Еще за полтора года до того, как он подчеркнул эту разницу в письме Вяземскому из Одессы, Пушкин занес в рукопись неосуществленной своей «Тавриды» схему строфы, найденной им для «Онегина». Из года в год, потом, сколько раз она рождалась в нем по–новому! Предрешила в главных чертах всю словесную музыку романа, с которой расстался он не сразу и после (нынешней) восьмой главы. Но всем этим ничего еще не сказано о степени поэтической насыщенности этой строфы, звукового и смыслового трепета ее, о возрастании этих качеств, начиная особенно с поединка, об их апогее именно в восьмой главе.

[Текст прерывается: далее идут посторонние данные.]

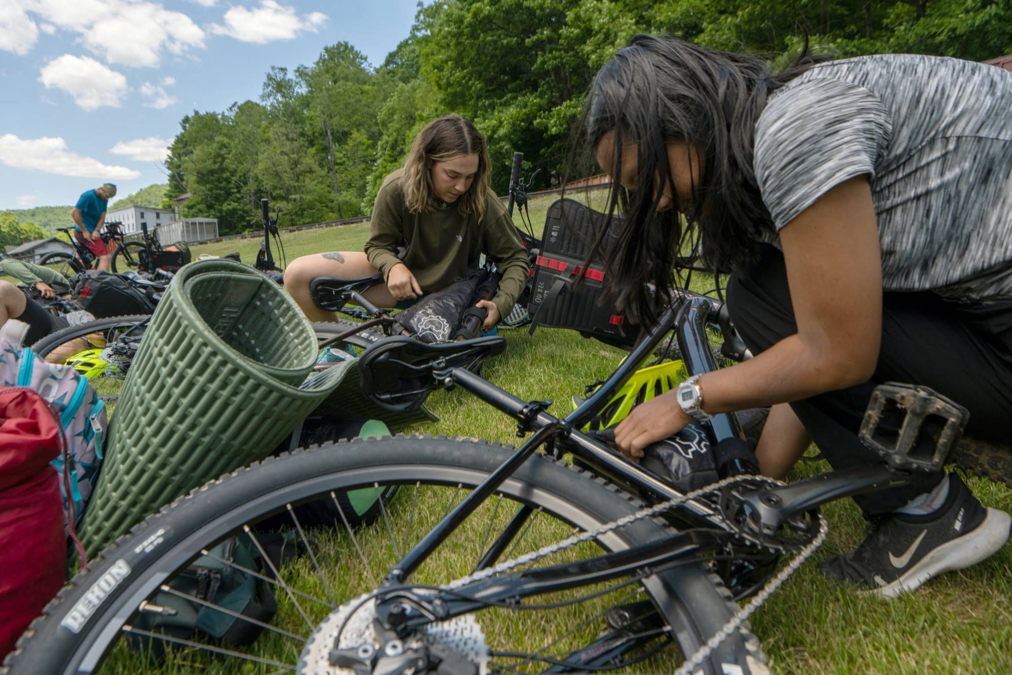 Autumn Warren (left) and Maya Snyder install bike-packing gear on their mountain bikes.
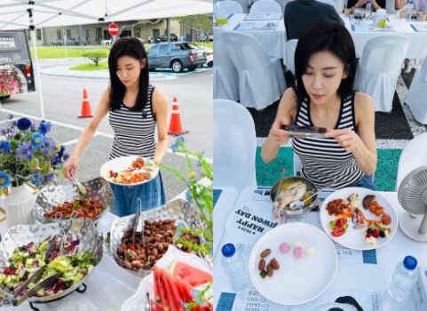 생일을 맞은 하지원은 팬들이 준비한 푸짐한 밥차 음식 앞에서 행복한 미소를 지으며 고마움을 표현했다. 꽃으로 가득 채워진 테이블과 샐러드부터 고기, 과일까지 정성스럽게 차려진 식판을 앞에 두고 인증샷을 남기며 팬들과의 따뜻한 유대감을 드러냈다.

Как «дьявольски» неправ был Ричарде, когда на предыдущей странице той же книги высмеивал столь им все же ценимого (но порою невпопад) мыслителя–поэта за отказ той же меркою мерить и одинаково определять поэзию и поэтическое произведение, — в чем надлежит видеть как раз величайшую его заслугу. По мнению Ричардса, эти определения так же должны друг с другом совпадать, как определения круглости и круга. Но словесный «пойесис», поэтическая речевая деятельность создает поэтические произведения, а не просто называет, в отвлеченное понятие превращает их основной и исчерпывающий признак. Она интересна для критика и драгоценна для человека уже и до возникновения этих произведений, да и независимо от их возникновения. Кольридж понимал разницу между структурными и смысловыми качествами поэтического (или вообще художественного) произведения и такими же качествами его ткани, ощутимыми и в отрывке, при неведении целого. Именно то и понимал, чего Ричарде и очень многие другие наши современники отказываются понимать. Думаю даже, что и оценка его произведений до сих пор страдает от пренебрежения их тканью, там, где (как часто у него бывает) они не блещут законченностью и цельностью. Ведь и «Кристабель» — вторая часть не стоит первой… Но эту первую любят издавна, непоколебимо. Почти как те пятьдесят четыре строчки. Душенька, ты заждалась. Вот мы и вернулись к ним.